Meanwhile, if I subscribed to the Naxos website, I could just play it on my computer. Like the man says, soon there’ll be no such thing as a deleted album.
My current computer speakers are crap. Cheaply plastic and cheaply plastic sounding, with no facility to moderate the treble. Maybe the time has come to get better ones. Will that make a big difference? I’m guessing: yes. I now have room for such speakers, what with me now having a flat computer screen and a space where the bulge at the back used to be.
Anyway, this is just me telling myself not to forget about Frederick May’s string quartet.
Well, quite dangerous.
Incoming:
To Brian Micklethwait,
As a reader of your blog, I think it would be wonderful if you could publicize this very important and quite dangerous development. The press in France is not only an instrument of the government and leftish PC thought, but it apparently considers itself beyond criticism, and is willing to use the legal system to silence and punish anyone who dares criticize the press itself.
France 2 and Charles Enderlin are suing private citizens for defamation for calling them liars online.
France 2’s outrageous assault on the right to free speech in France, which barely exists at this point (if it ever did exist; the conviction of Emile Zola in the Dreyfus Affair is a typical precedent), appears to be ongoing and very successful.
I was in Paris for recently writing about this. Here are my first three posts; there will be more coming:
http://neo-neocon.blogspot.com/2006/10/im-off-to-palais-de-justice.html
http://neo-neocon.blogspot.com/2006/10/facade-encountering-palais-de-justice.html
http://neo-neocon.blogspot.com/2006/10/behind-facade-of-justice-french.html
Thanks!
Neo-neocon
Access over 1 million songs - Yahoo! Music Unlimited Try it today.
I have added neo-neocon to the blogroll.
On Saturday afternoon, I spotted this vehicle outside Sainsbury’s in Wilton Road:
Click to get it bigger, i.e. so you can read what it says on the side. When I did that, and googled it, I immediately got to this blog.
I can’t immediately tell if this is a proper blog or an evil pseudo-blog written by evil advertising copywriters. This posting has an air of genuineness about it, being about the apples they use for their apple juice. I presume. Or “smoothies”, whatever they are.

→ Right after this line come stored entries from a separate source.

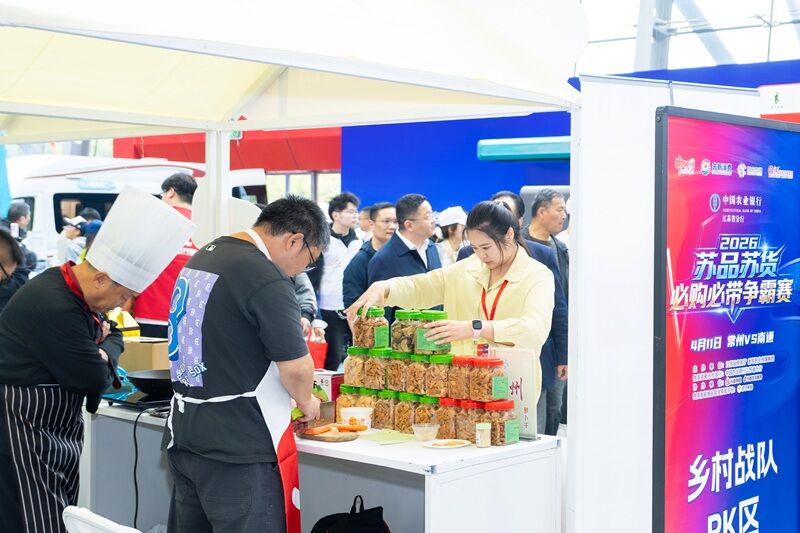 4月11日,万众期待的2026年“苏超”联赛在常州奥体中心体育场燃情揭幕。绿茵场上,球员们驰骋拼搏,热血激荡;赛场之外,一场别具风味的“苏品苏货·必购必带争霸赛”同样精彩上演——来自江苏各地的乡土好物齐聚一堂,展开了一场别开生面的“舌尖对决”。16支由村书记带队的“乡村战队”同台竞技,通过线上线下联动,推介各自乡村好物。
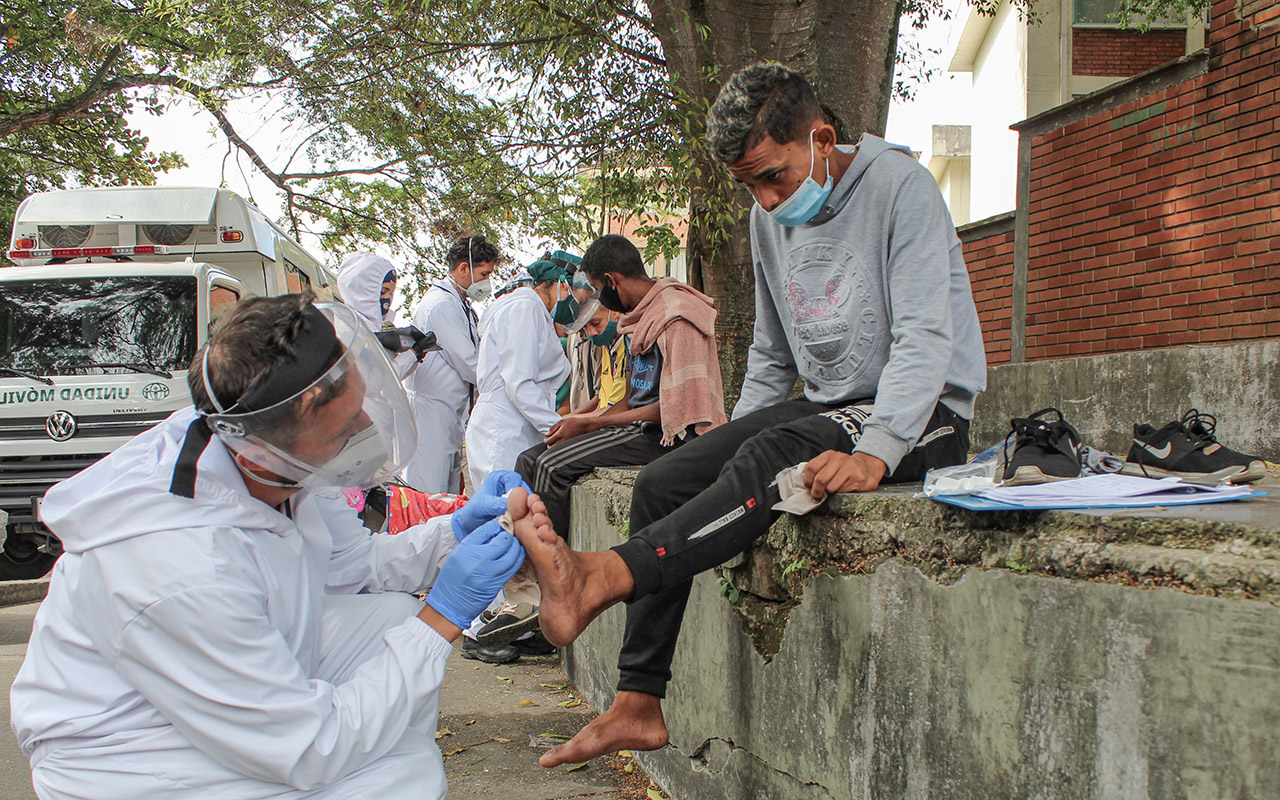 A Venezuelan migrant is being checked by a health professional after walking more than 195 kilometers from Cucuta bordering with Venezuela to Bucaramanga, in North Colombia. Thanks for an ongoing initiative by ADRA Colombia and USAID more than 115,000 persons have been assisted with medical assistance, food and settlements since 2018. [Photo: ADRA Colombia]
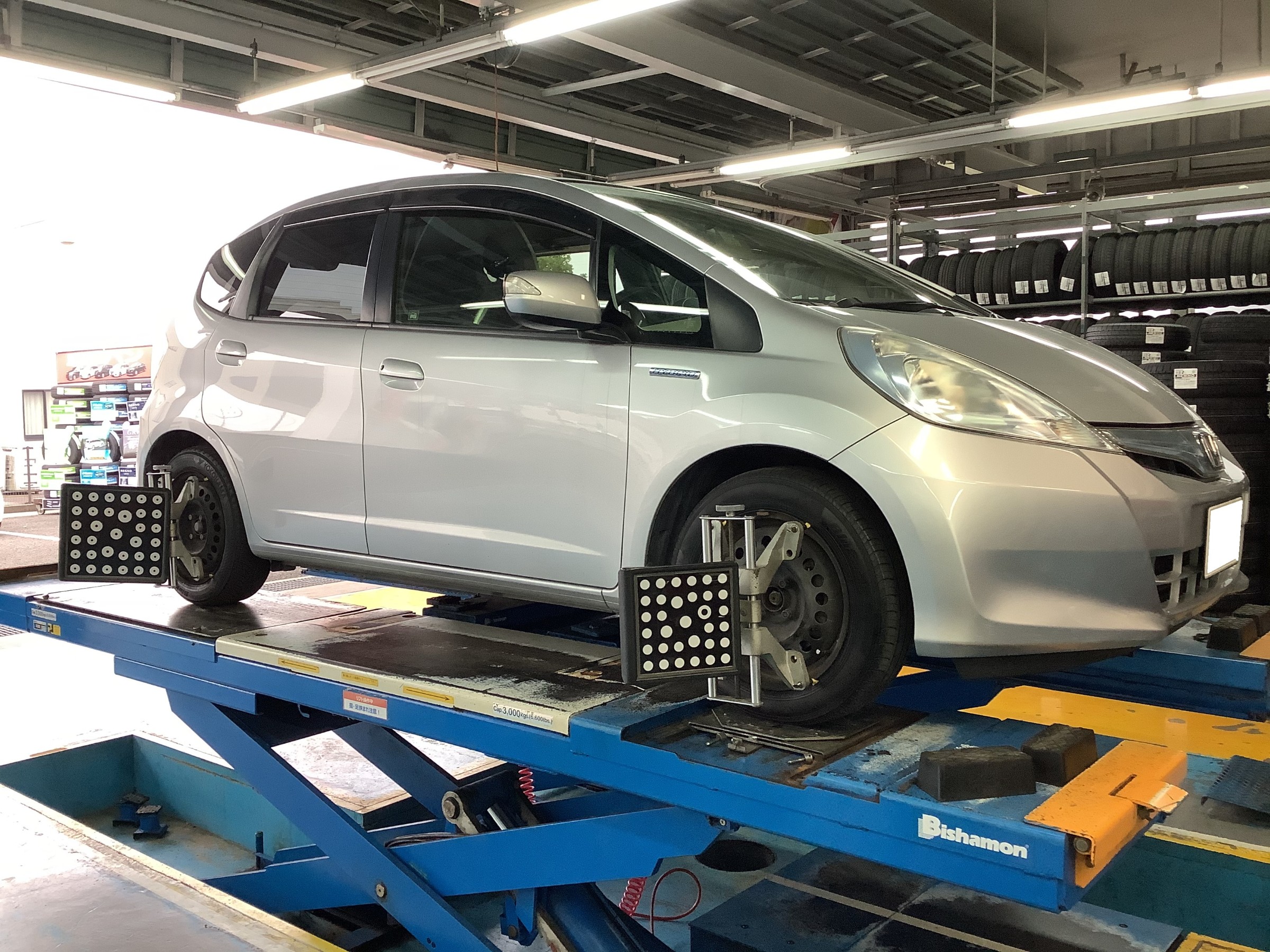 今回は、タイヤ交換時タイヤの方減りが判明しアライメント調整実施して頂きました。

So, I suspect: a proper blog.
Adriana or Jackie D would be able to tell at once.
More about their vehicles here.
Cute jewelry, etc., done from computer bits. (Via gizmodo. I really like this kind of thing, even though I am not a jewelry wearer myself.
Gizmodo and engadget are two regular visiting places even though about half the kit is way beyond me, seeming to consist of meaningless small hand-held TV screens displaying . . . who knows what?
On the other hand, I love reading short bits about things like this super-duper computer for spaceships, or this Japanese robot for inspecting under the floor, a cross between a miniature movie camera and a miniature tank, or these LED car headlights. The good news is that about half a dozen gadgets seem to go up at these places every day. I wouldn’t want to spend my whole day, or even my whole breakfast time, reading about such stuff, but a few minutes of it every day is a most pleasing tonic.
Which reminds me, I need to do another of those ain’t-capitalism-great? postings over at Samizdata, illustrated with a particularly sexy gadget found at engadget or gizmodo.
Ideologist are relentlessly prone to misery. It goes like this: (a): This is how the world should be! Hurrah! (b) Oh dear, it’s not like it should be! Woe! (c): It’s getting less like it should be every day! Woe woe!! (d): Only we can see this! All others are happy, and deceived!!! Woe woe woe!!! (e) (when someone like me tells them to lighten up): Only I and I alone can see it! All (you) others are fools, fools I tell you! Woe woe woe woe!!! (f) (g) (h) etc.: Etcetera. Getting ever more woeful and woebegone.
Cheer up mate. Buy yourself a pair of keyboard cufflinks.
I went out for a drink with Elena the Struggling Actress this evening, just when I had pencilled in to do some proper blogging for you people.
Elena the Struggling Actress is just now struggling to make the most of an acting course that she is doing. In the course of describing this course, and her ambitions as an actress, she said, very seriously:
“I need to become a well-oiled machine.”
My mind boggled, in ways that I choose not to describe.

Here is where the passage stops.